Imploring the assistance of Divine Providence, and with due regard to the views and feelings of all who were represented in the Convention; to the rights of all the States and Territories and people of the nation; to the inviolability of the Constitution; and the perpetual union, harmony, and prosperity of all, I am most happy to cooperate for the practical success of the principles declared by the Convention.

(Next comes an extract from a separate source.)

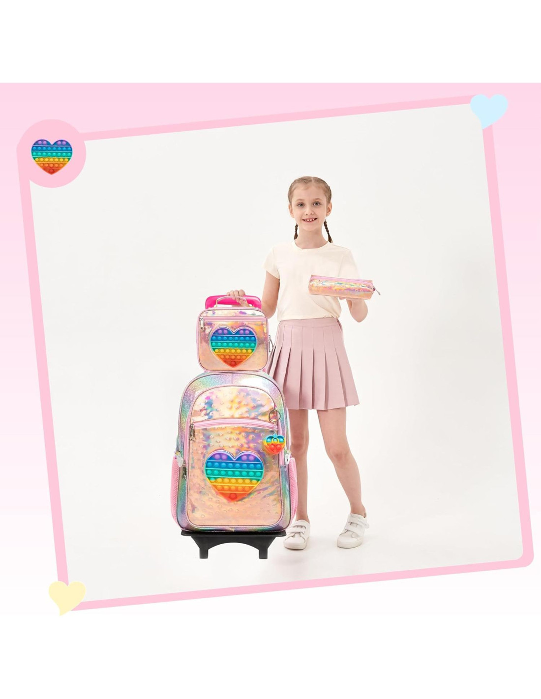 - [Gran Regalo] Esta mochila rodante para niñas tiene una apariencia exquisita y un acabado fino, y el bolsillo transparente en la superficie de la mochila está en línea con la tendencia, ya sea un regalo de Navidad o un regalo escolar, es una gran opción para sus diversas festividades, adecuada para la escuela, viajes, picnics, acampadas y otras salidas.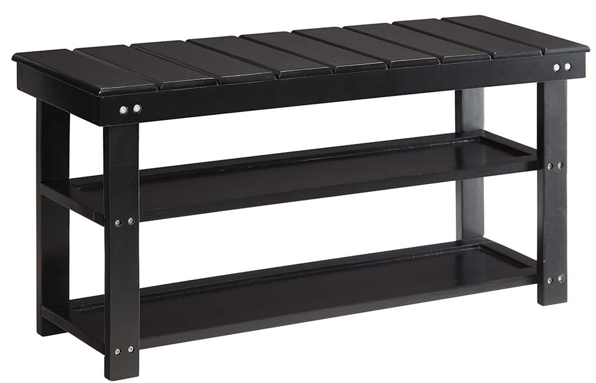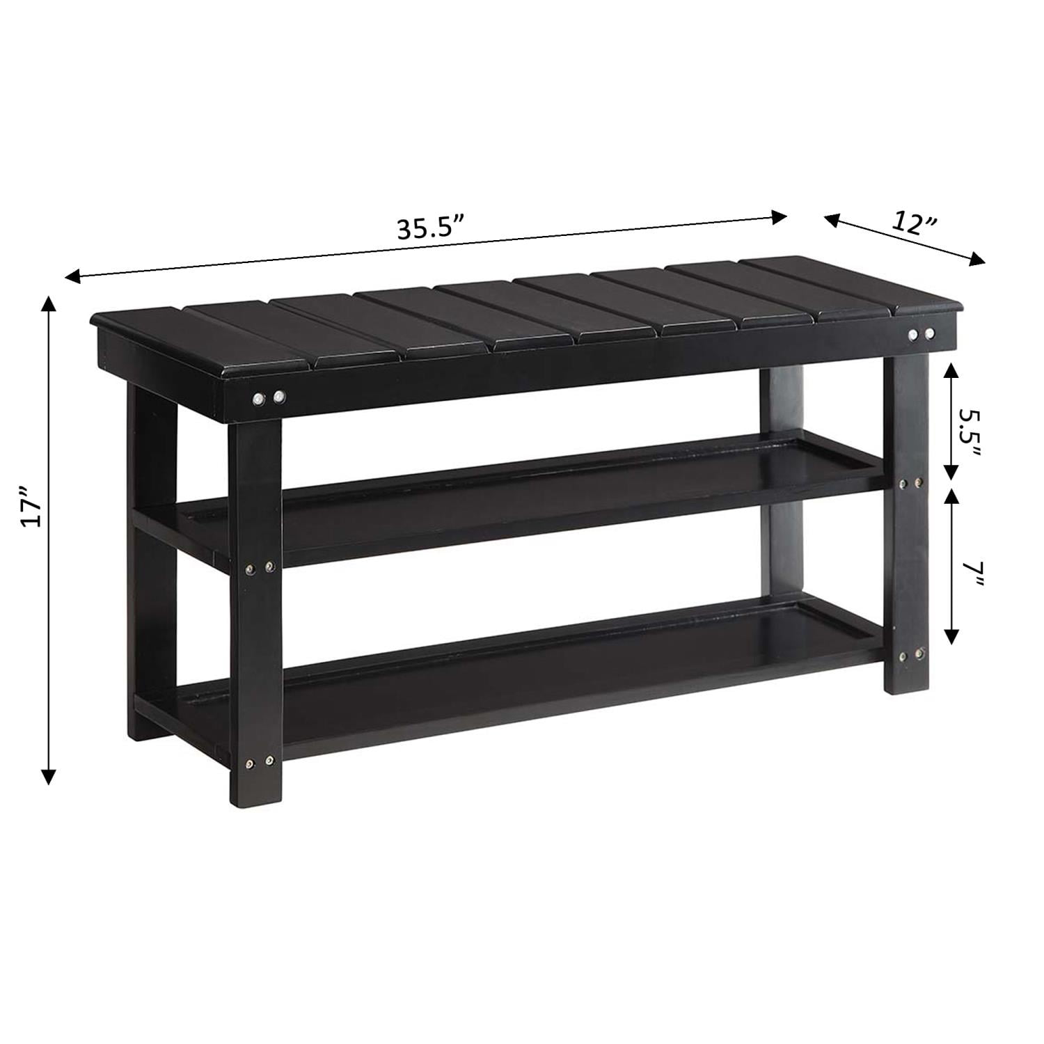 Features Bench with 2 lower shelves used to store shoes Displays a contemporary style to uplift any home decor Assemble in just 3 easy steps! Constructed from MDF/solid wood/non-lead based paint Overall Item Dimensions: 35″L x 12″W x 17″H Product Weight: 12 lbs

Your obliged friend and fellow-citizen,

A. LINCOLN.

TO THE CITIZENS OF SPRINGFIELD, ON HIS DEPARTURE FOR WASHINGTON.

February 11, 1861.

MY FRIENDS: No one, not in my position, can appreciate the sadness I feel at this parting. To this people I owe all that I am. Here I have lived more than a quarter of a century; here my children were born, and here one of them lies buried. I know not how soon I shall see you again. A duty devolves upon me which is, perhaps, greater than that which has devolved upon any other man since the days of Washington. He never would have succeeded except by the aid of Divine Providence, upon which he at all times relied. I feel that I cannot succeed without the same Divine aid which sustained him, and on the same Almighty Being I place my reliance for support; and I hope you, my friends, will all pray that I may receive that Divine assistance, without which I cannot succeed, but with which success is certain. Again I bid you an affectionate farewell.